The two models presented in this paper differ in the order that vaccination and infection occur within a discrete time unit. By comparison, continuous-time models do not face this issue, as they assume events occur simultaneously. We found that the two model formulations present contrasting outcomes. Specifically, when vaccination occurs first, we showed that both infection recovery and partial vaccine efficiency are needed for a backward bifurcation to occur. This result is analogous to the findings for the continuous-time model formulation. However, if infection occurs before vaccination, we showed that it is possible for a backward bifurcation to occur even when the vaccine is fully effective. We also found that, when disease transmission occurs before vaccination, the region of bistablity is larger, implying that R0 must be reduced even further to guarantee elimination of the disease. Moreover, the asymptotic number of infected individuals is larger in this bistability region, resulting in a more severe epidemic when the disease is not successfully eradicated. Similar behavior was observed in the first model (vaccination before infection) when comparing different infection rates in newly vaccinated individuals. Specifically, worse outcomes occur if the vaccine is not immediately effective.

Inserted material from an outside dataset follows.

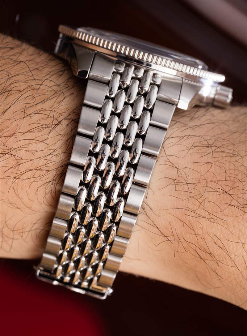 防水深度達(dá) 200 米,42 毫米寬的表殼感覺比其 12 毫米厚度可能暗示的要薄。部分原因可能是由于柔軟且傳統(tǒng)上薄的鋼表鏈。中間的“米?!辨湽?jié)經(jīng)過拋光處理,兩側(cè)是更寬的拉絲鋼鏈節(jié)。手鐲也從連接到表殼的地方逐漸變細(xì)。數(shù)量不多,但錐形有助于使整體設(shè)計(jì)感覺更加精致,并增加佩戴舒適度。

These findings highlight the importance of early intervention strategies, as the results suggest that reducing the initial availability of susceptible individuals may mitigate the impact of the epidemic. The contrasting outcomes presented by the two models developed here bring up important questions as to what are the practical implications of these modeling assumptions? Specifically, in a real-world application, what does it mean to say that vaccination occurs before infection? In certain situations, such as examining the course of influenza throughout the year, this is clear: vaccination should ideally occur before the flu season begins. However, on a shorter timescale this distinction becomes less straightforward. We also note that another possible model formulation would be to assume that only one event, infection or vaccination, may occur within a unit of time. Under this assumption, it would be necessary to impose the additional assumption that p+ϕ(z)1.

Since one of the goals of this paper was to determine whether the backward bifurcation that characterizes continuous-time SISV models with partial vaccination efficiency can also occur in a discrete-time, the models presented here were kept relatively simple. Consequently, a number of extensions could be considered, including disease-induced mortality, vaccination waning, and disease treatment, the latter of which may produce backward bifurcations in endemic equilibria (see for example [guerrero2018different, wang2009backward]). We also remark that, while we showed that a backward bifurcation cannot occur in model (1) when ϵ=0, we were unable to use the Lyapunov function developed in [van2019disease] to establish the global asymptotic stability of the disease-free equilibrium in this case. The difficulty arose because, unlike the case when there is no infection recovery (γ=0), the system does not decouple, making it challenging to show that the number of susceptible individuals is eventually bounded by the S-component of the disease-free equilibrium.